§ **Problem details**: Each line of the records below needs repeating exactly. Skip the pictures.

╭─ Exercise material

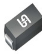
1SMA5936HR3G TSC (Taiwan Semiconductor) DIODE ZENER 30V 1.5W DO214AC
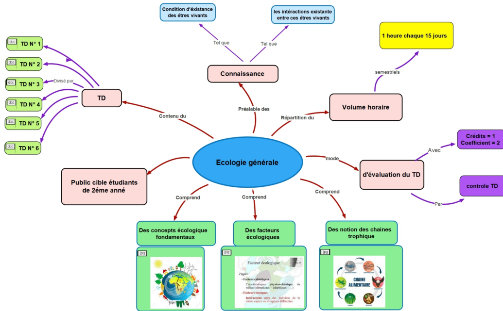
carte conceptuelle du cours
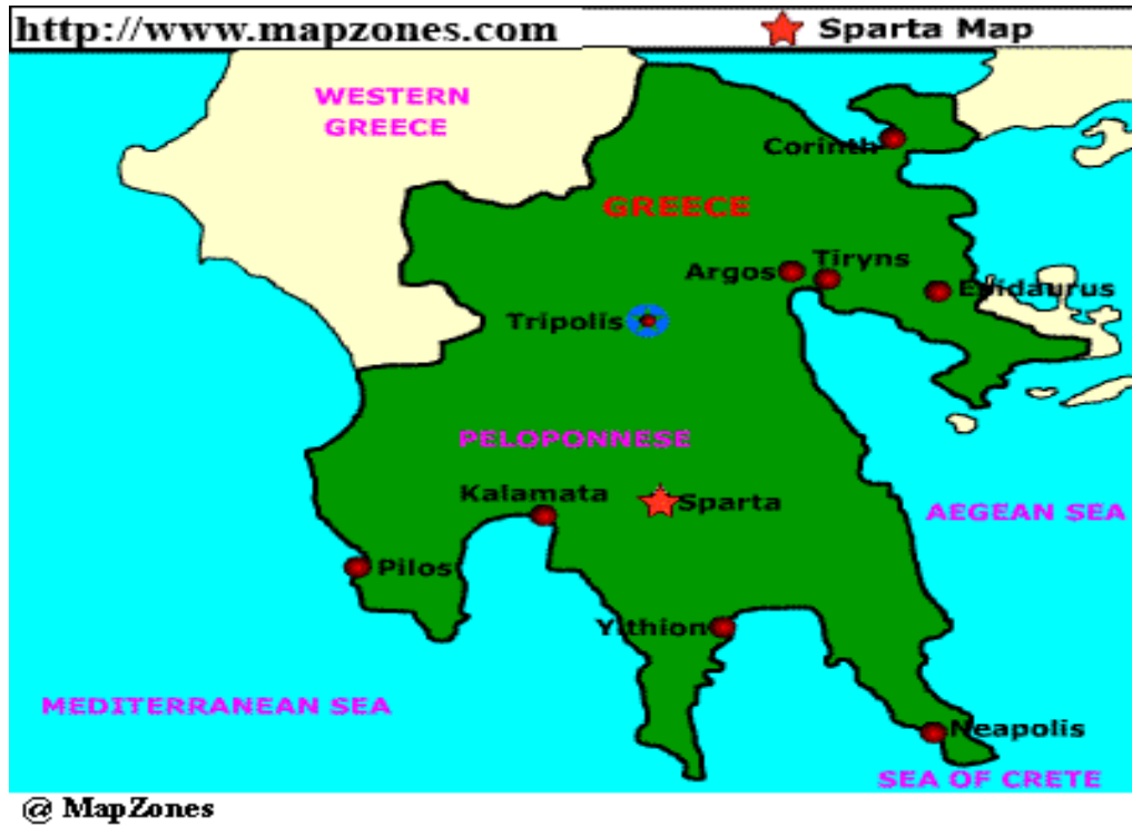
Prilog 1 – Položaj Sparte na karti Peloponeza
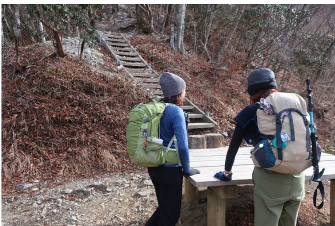
急坂を登り、ようやく展望園地に到着 ここからまだまだ急登は続く
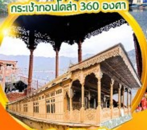
บ้านเรือสมัยวิตอเรีย
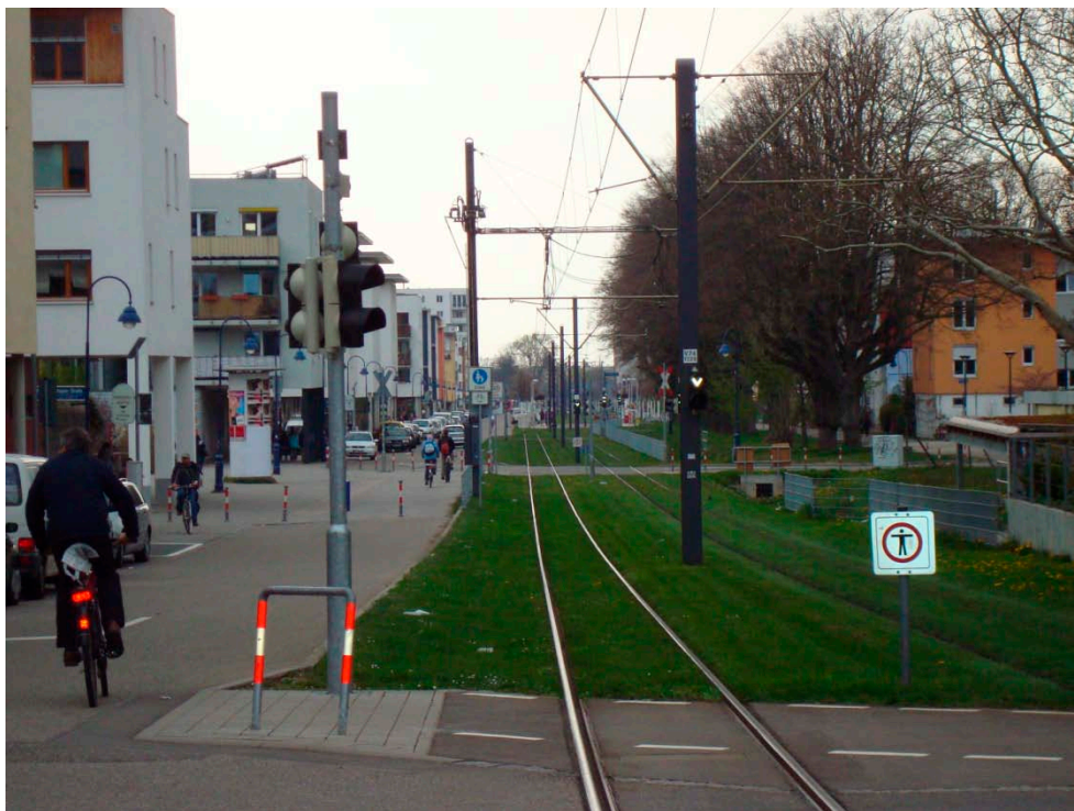
Figur A3 Et eksempel på restriktionerne for biltrafikken i Vauban (Freiburg), hvor der er opsat stelere, som kun lader cyklende og gående passere. Dette er med til at begrænse biltrafikken i området.
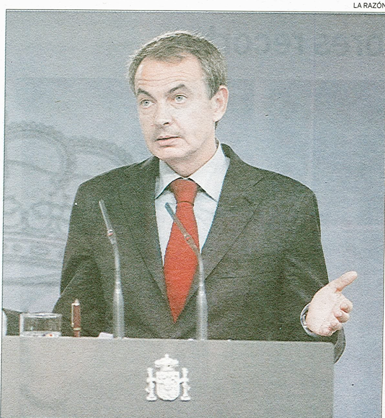
El presidente del Gobierno de España, José Luis Rodríguez Zapatero, en una imagen de archivo reciente
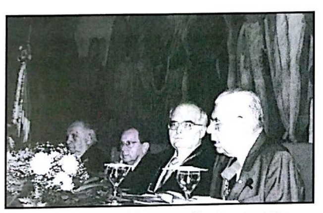
Mesa que presidiu a sessão de abertura.

O IGHMB e o IHGB promoveram um Simpósio, nos dias 19, 20 e 21 de agosto de 2003, como parte das comemorações do Bicentenário de Nascimento de Luiz Alves de Lima e Silva, Duque de Caxias. Realizou-se no Salão Nobre do IHGB e obedeceu à seguinte programação:

╰─

§ **Result of this exercise**:
1SMA5936HR3G TSC (Taiwan Semiconductor) DIODE ZENER 30V 1.5W DO214AC
carte conceptuelle du cours
Prilog 1 – Položaj Sparte na karti Peloponeza
急坂を登り、ようやく展望園地に到着 ここからまだまだ急登は続く
บ้านเรือสมัยวิตอเรีย
Figur A3 Et eksempel på restriktionerne for biltrafikken i Vauban (Freiburg), hvor der er opsat stelere, som kun lader cyklende og gående passere. Dette er med til at begrænse biltrafikken i området.
El presidente del Gobierno de España, José Luis Rodríguez Zapatero, en una imagen de archivo reciente
Mesa que presidiu a sessão de abertura.

O IGHMB e o IHGB promoveram um Simpósio, nos dias 19, 20 e 21 de agosto de 2003, como parte das comemorações do Bicentenário de Nascimento de Luiz Alves de Lima e Silva, Duque de Caxias. Realizou-se no Salão Nobre do IHGB e obedeceu à seguinte programação:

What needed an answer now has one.